Hardware vs Software

Modern CPUs have hardware prefetchers that detect access patterns and speculatively fetch cache lines. Great for sequential/strided access, but fail for random patterns.

Software prefetching explicitly tells the CPU to fetch data before you need it:

__builtin_prefetch(&array[i + 64], 0, 0);  // Prefetch 64 elements ahead
sum += array[i];                            // Use current element

Results (256 MB array)

Random Access

Variant	Distance	ns/access	vs baseline
`pf_none`	0	7.61 ns	1.0×
`pf_8`	+8	6.23 ns	1.2×
`pf_32`	+32	5.91 ns	1.3×
`pf_128`	+128	5.99 ns	1.3×

Sequential Access

Variant	Distance	ns/access	vs baseline
`pf_seq`	0 (hw only)	1.37 ns	1.0×
`pf_seq64`	+64	0.54 ns	2.5×

Observations

1. Random Prefetch Helps Modestly (~25%)

For random access, we know the sequence of indices but not their values. We can prefetch array[indices[i+N]] while processing array[indices[i]].

Limited improvement because: - Prefetch distance must be large enough to hide DRAM latency (~300 cycles) - But not so large that prefetched data gets evicted before use - Memory bandwidth becomes the bottleneck, not latency

2. Sequential SW Prefetch Beats Hardware

Surprisingly, software prefetching beats the hardware prefetcher for sequential access. The hardware prefetcher is conservative - it doesn't fetch too far ahead to avoid cache pollution. Our explicit prefetch with distance +64 (512 bytes ahead) is more aggressive and wins when we know the pattern perfectly.

3. Optimal Prefetch Distance

Depends on memory latency (~75ns), loop iteration time, and cache capacity. For random access, +32 to +128 works well.
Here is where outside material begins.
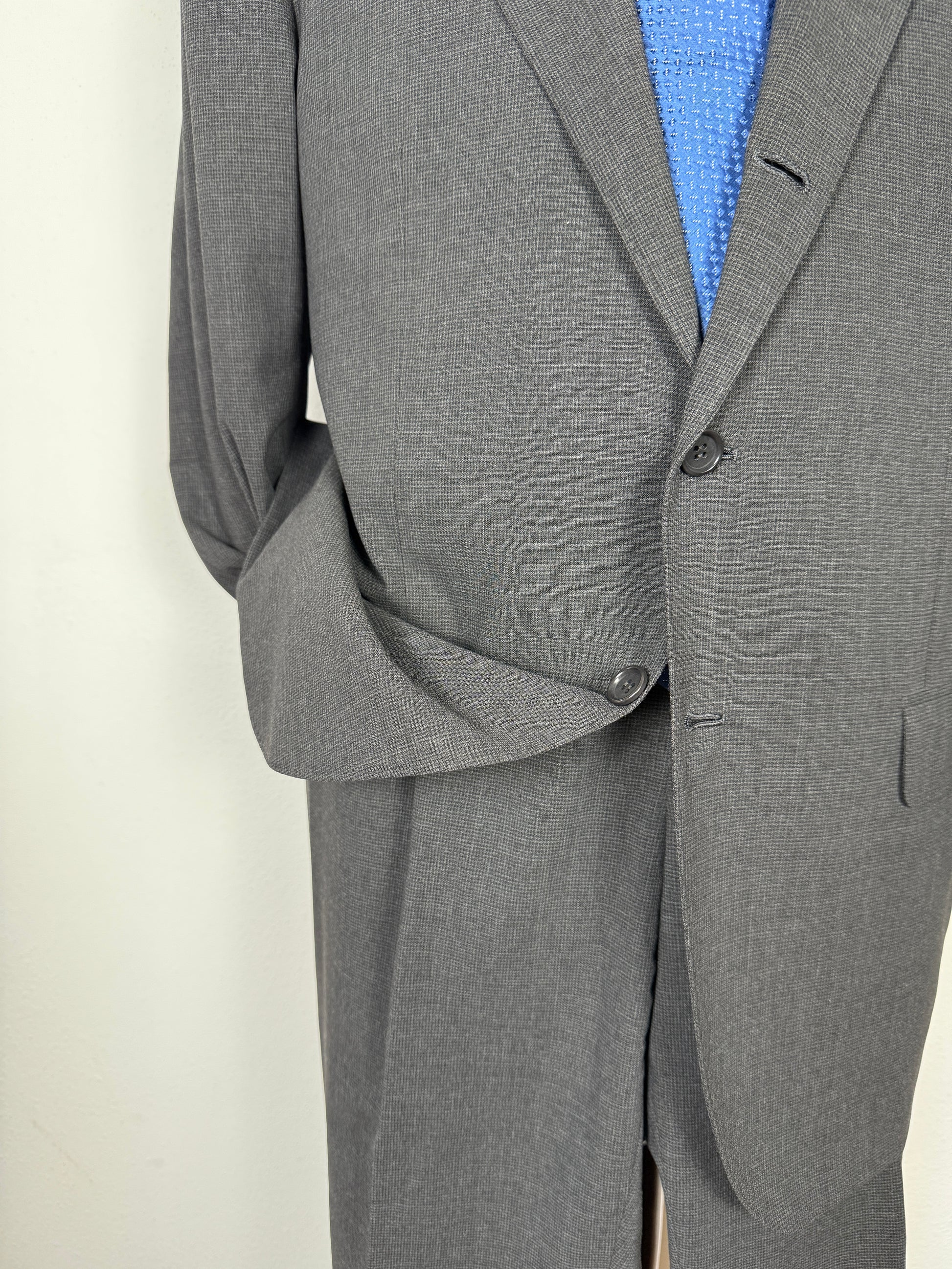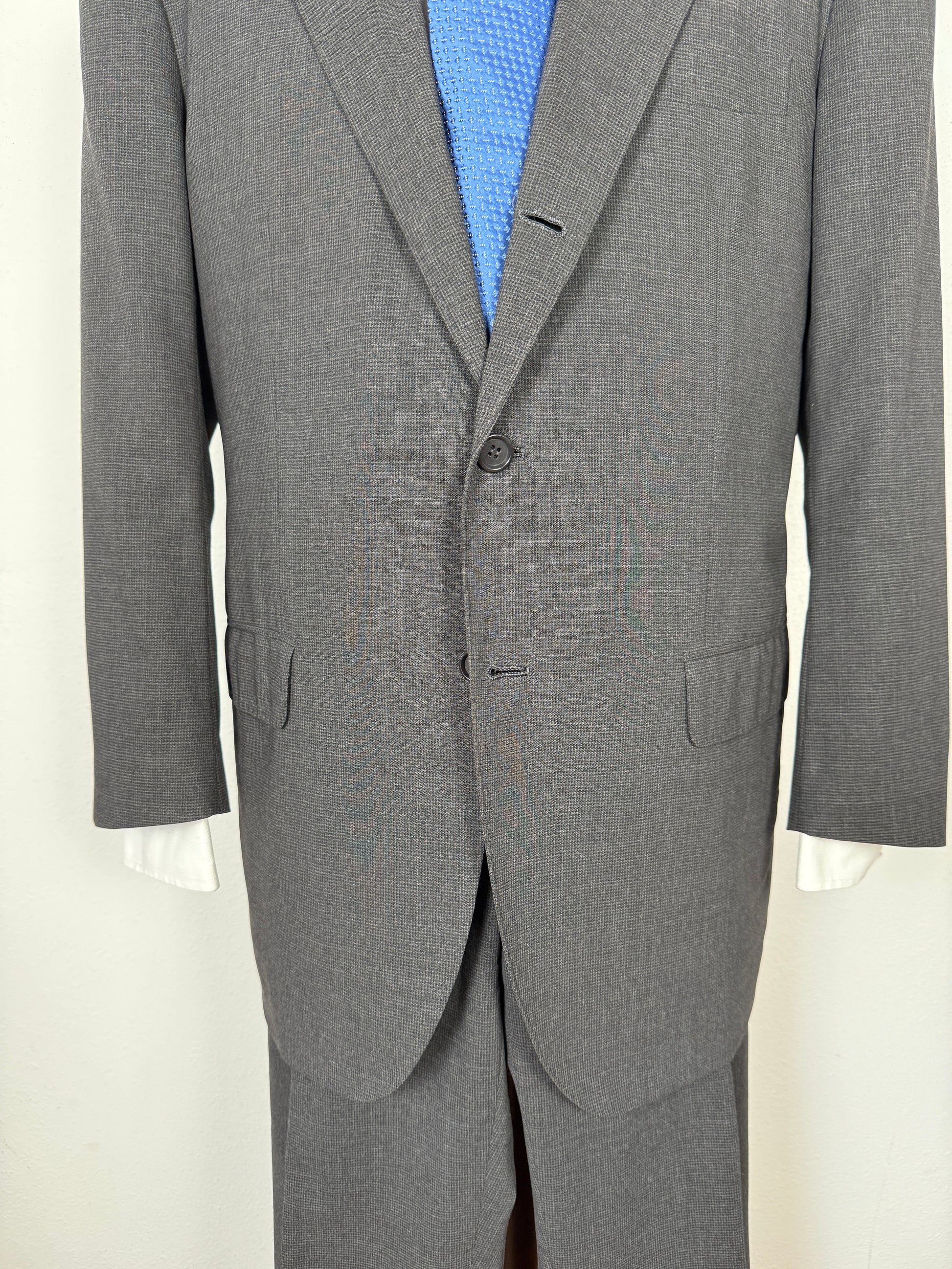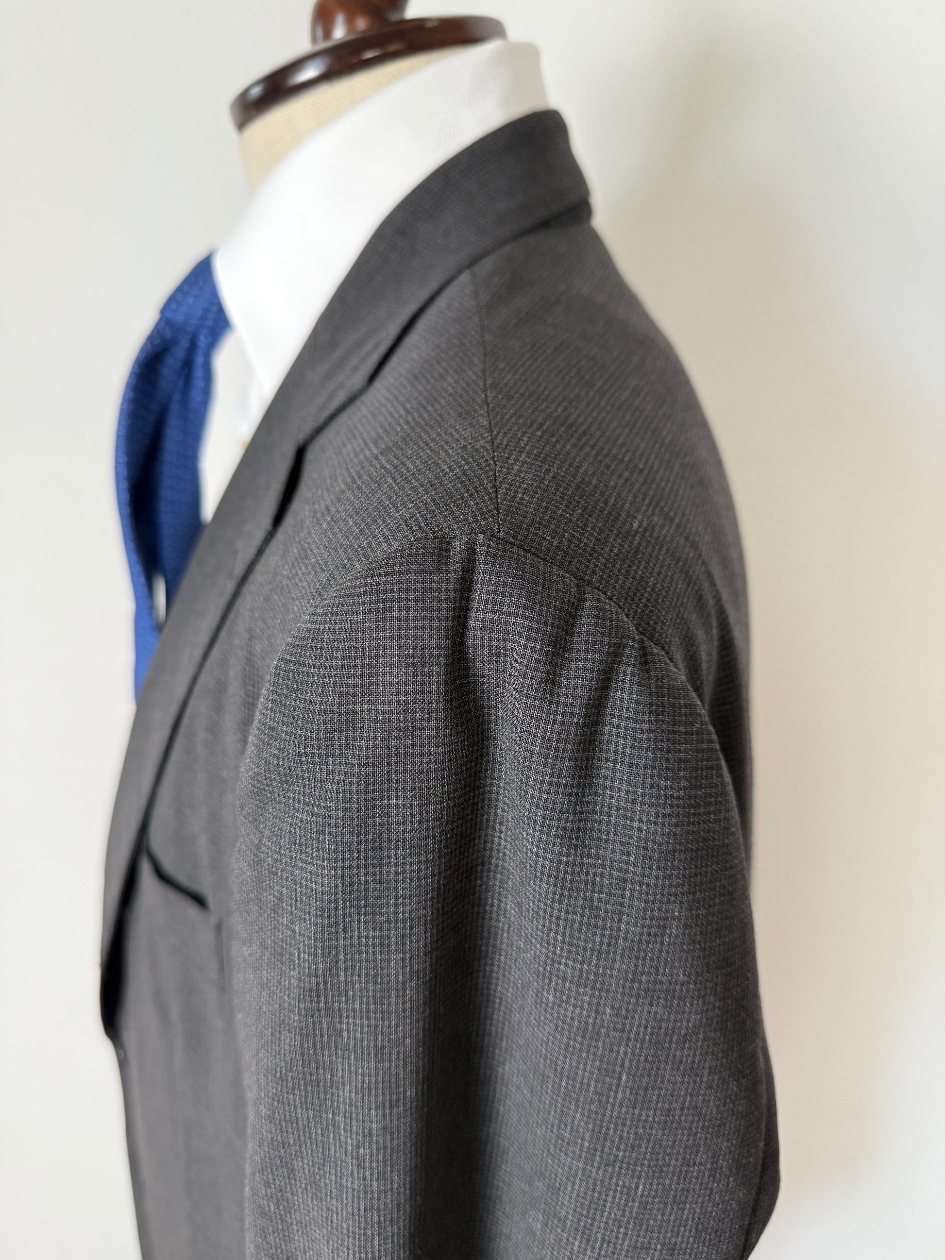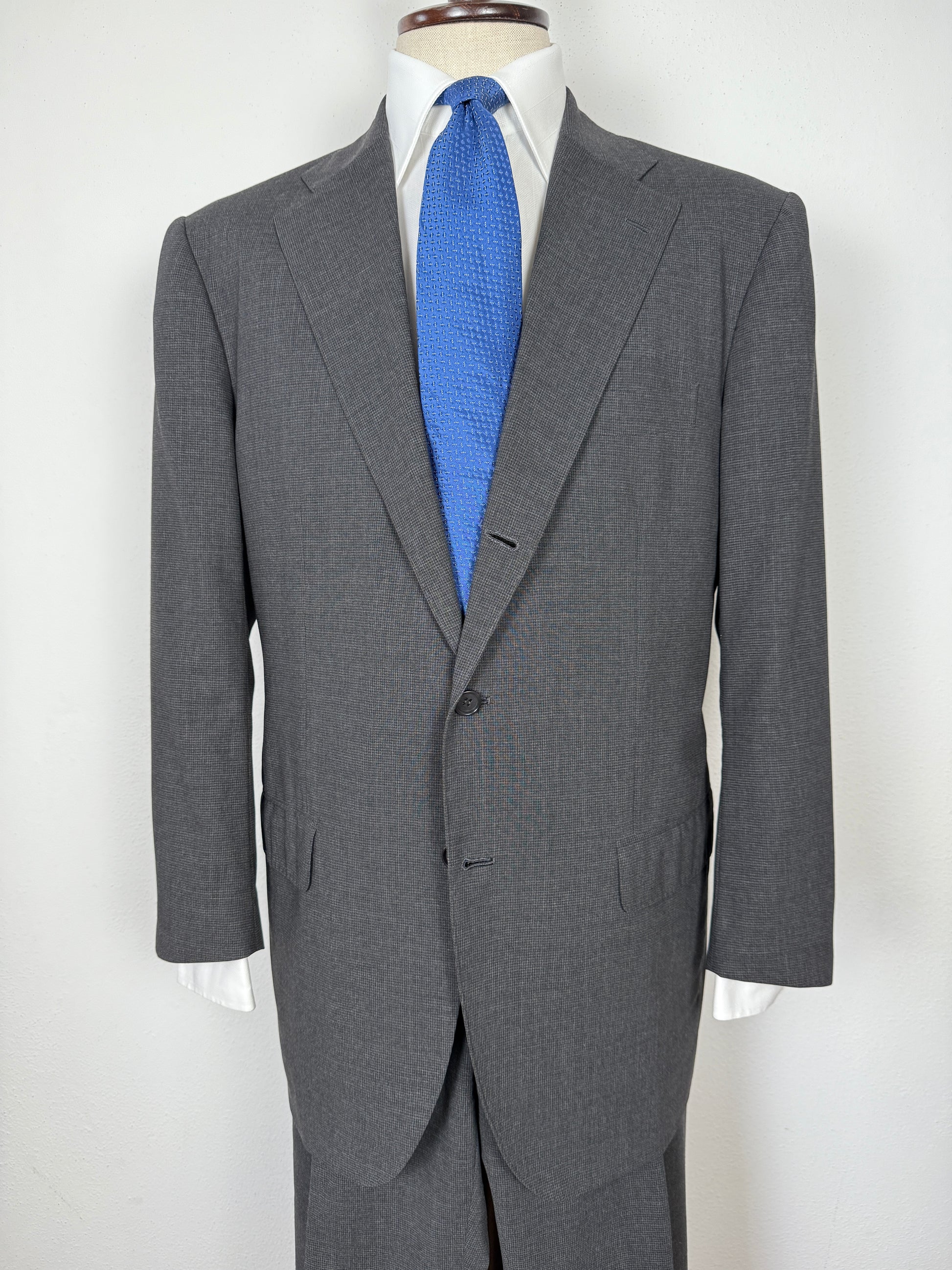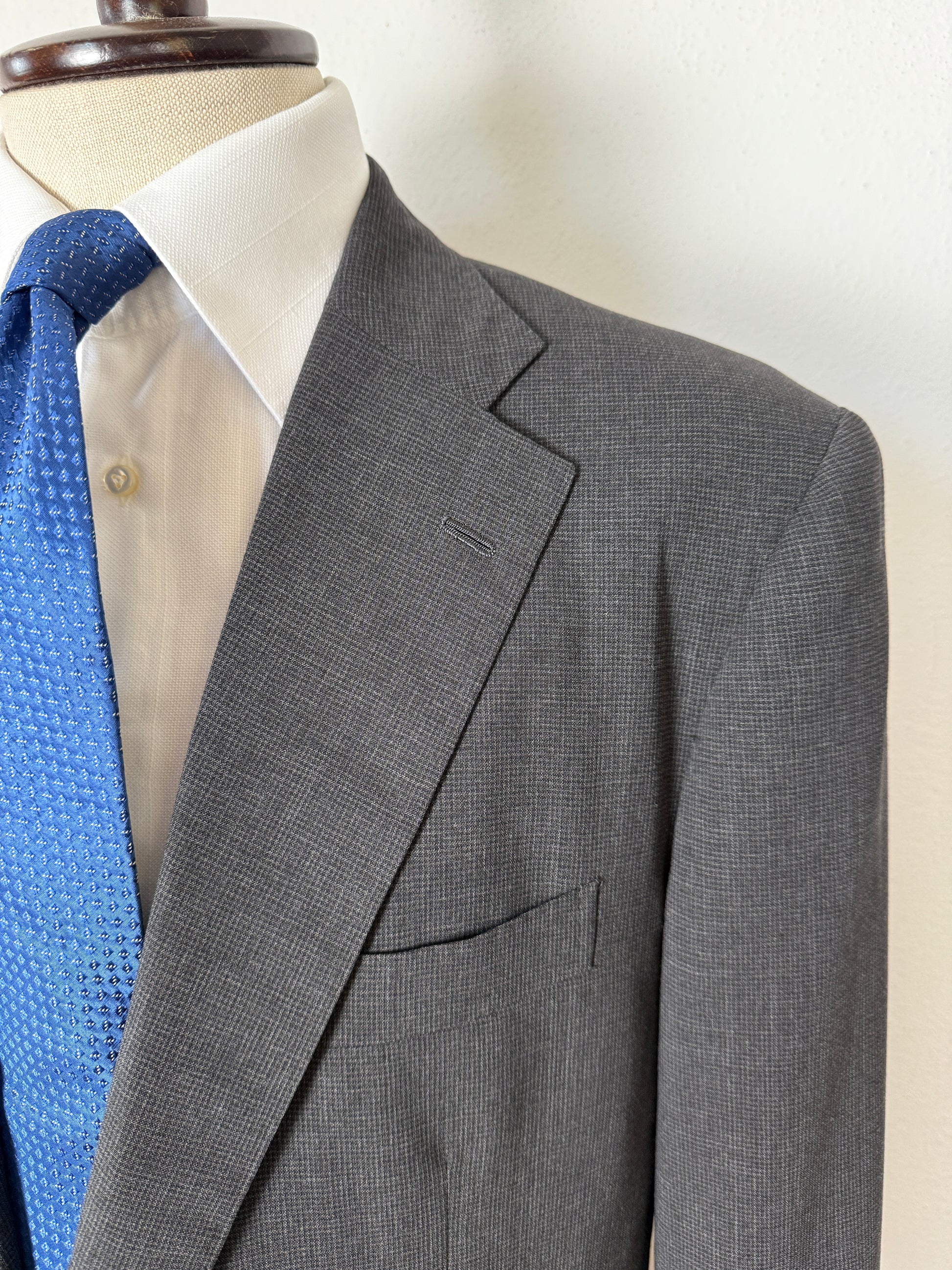 Abito Sartorio Napoli (gruppo Kiton) in leggerissimo fresco di lana 100%, armatura tela, colore grigio antracite con micro trama a quadrettini.

For sequential, +64 (512 bytes = 8 cache lines) is effective.

When Prefetching Doesn't Help

Pointer chasing: Can't prefetch array[array[i]] because you don't know array[i] yet
Unpredictable patterns: If you don't know future addresses, you can't prefetch them
Cache-resident data: Prefetching hurts if data is already in cache (extra instructions)
Bandwidth-bound: If memory bandwidth is saturated, prefetching adds pressure

The Instruction

__builtin_prefetch(addr, rw, locality);
// rw: 0 = read, 1 = write
// locality: 0 = no temporal locality, 3 = high temporal locality

Compiles to x86 prefetchnta (non-temporal) or prefetcht0/t1/t2 (temporal).

Running

./bench pf_none 256   # Random baseline
./bench pf_32 256     # Random prefetch +32
./bench pf_seq 256    # Sequential hw prefetch only
./bench pf_seq64 256  # Sequential sw prefetch +64